Coaches often praise players who “let the game come to them.”
What they talk about a whole lot less are the players who sometimes need a nudge to remember there’s a huge difference between unselfishly not forcing the issue and becoming so passive you aren’t helping the team.
For the UNM men’s basketball team, maybe the best example of this was Tony Snell. The 6-foot-7 wing was a three-year Lobo who never led the team in scoring, never made all-conference first team. Yet he left school early, was a first-round NBA Draft pick, is in his ninth year playing at the sport’s highest level and is third in program history in career earnings for basketball.
Fast forward a decade and three coaching changes later, and UNM again finds itself with a quiet sophomore wing in Javonte Johnson who has started every game this season for the Lobos (7-11, 0-5 Mountain West) and is entering the same, sometimes head-scratching realm of flashing offensive brilliance one game and seemingly disappearing the next.
Consider the following scoring statistics for Johnson’s five league games so far:
• 0 points in 18 minutes at Nevada
• 12 points in 37 minutes vs. Utah State
• 7 points in 31 minutes at UNLV
• 0 points in 28 minutes vs. Boise State
• 18 points in 30 minutes at Colorado State
This week alone, Johnson went from not even taking a shot in the Boise State loss to tying for the team scoring lead on 7-of-9 shooting, including four 3-pointers, in Wednesday’s 80-74 loss at CSU.
So, the Journal has asked the question after each of the past two games: How much of Johnson’s up-and-down stat lines are on him and how much are on his teammates?
“We’ve just got to find him, you know?” said Lobo point guard Jaelen House on Wednesday. “Get him shots that he likes where he’s comfortable. He gets a lot of catch-and-shoot 3s (usually). Today he showed that he can make shots off the bounce, too.”
Lobos coach Richard Pitino agreed, steering clear of any criticism of Johnson’s play while also noting it isn’t as though the team was running anything differently over the past two games. The results, at least in terms of Johnson’s production, were just different.
“It was us finding him,” Pitino said of Wednesday’s 18-point game for the wing, who was playing in his home state. “And that’s got to be our mentality. …
“You look at Colorado State – they’re so cohesive together and they’re getting each other shots, where sometimes we’re trying to get our own shot.”
As the Lobos continue to struggle minus three centers and on Wednesday also without starting guard Saquan Singleton, Johnson’s offensive numbers are simply too good to not figure out how to get him involved more – whether the onus is on him or his teammates to make it happen.

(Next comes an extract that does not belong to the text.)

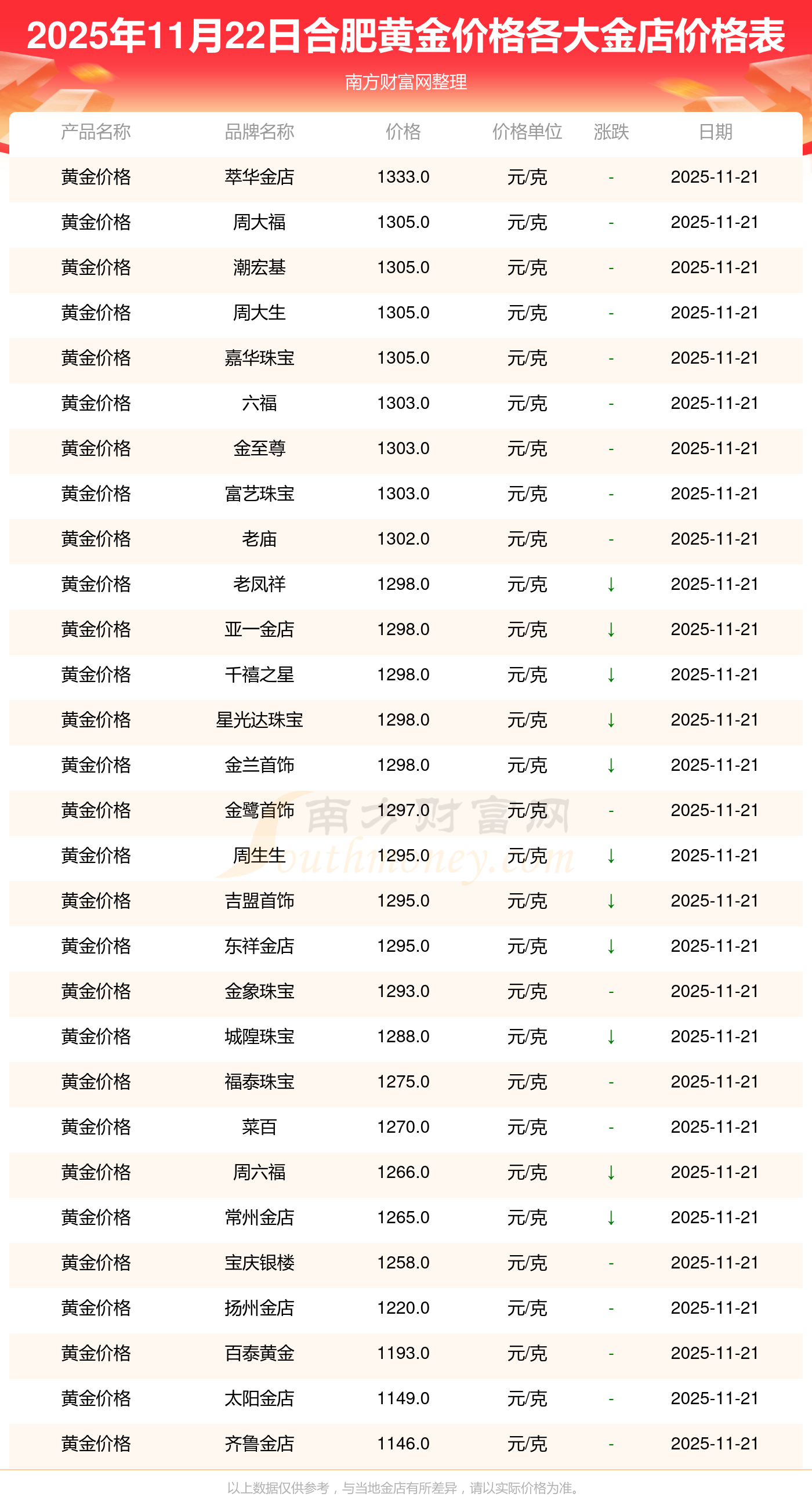 2025年11月22日,合肥周大福、周大福、周大福、周大福、周大福、周大福、周大福、老凤祥、老凤祥、老凤祥、周六福等各大金店品牌黄金价格今日价格如下:周大福1305.0元/克、周大福616.0元/克、周大福1305.0元/克、周大福45110.0、周大福17570.0、周大福40690.0、周大福1143.0元/克、老凤祥1298.0元/克、老凤祥600.0元/克、老凤祥1298.0元/克、周六福1266.0元/克。

Through Wednesday’s game, his 9.0 scoring average is fourth on the roster, and he’s shooting a team-best 52.5% on 3-pointers. And in those five league games, his effective field goal percentage of 82.1% leads the Mountain West with only Fresno State’s Anthony Holland (80.8%) even being close.

“He should never play a game where he’s not shooting,” Pitino said after the Boise State loss. “He’s a key part. … (But) if a guy doesn’t shoot, it’s on the other four guys to find him. And I think that’s got to be the mentality for everybody.”
WAIT, WAIT, WAIT: That an article in mid-January about the current UNM sophomore wing is even making a Snell comparison at all may strike some Lobo faithful as blasphemous.
Snell, playing for the Portland Trail Blazers, of course is one of the more successful players to come out of the Mountain West in the past decade.
But anyone objecting to comparisions of Johnson and Snell – as a sophomore – are using some revisionist history.
Snell’s final 12 games of his sophomore season, all starts, included the following: Four games scoring in double figures and three games with zero points, including one against Wyoming in which he didn’t take a single shot in 23 minutes on the court.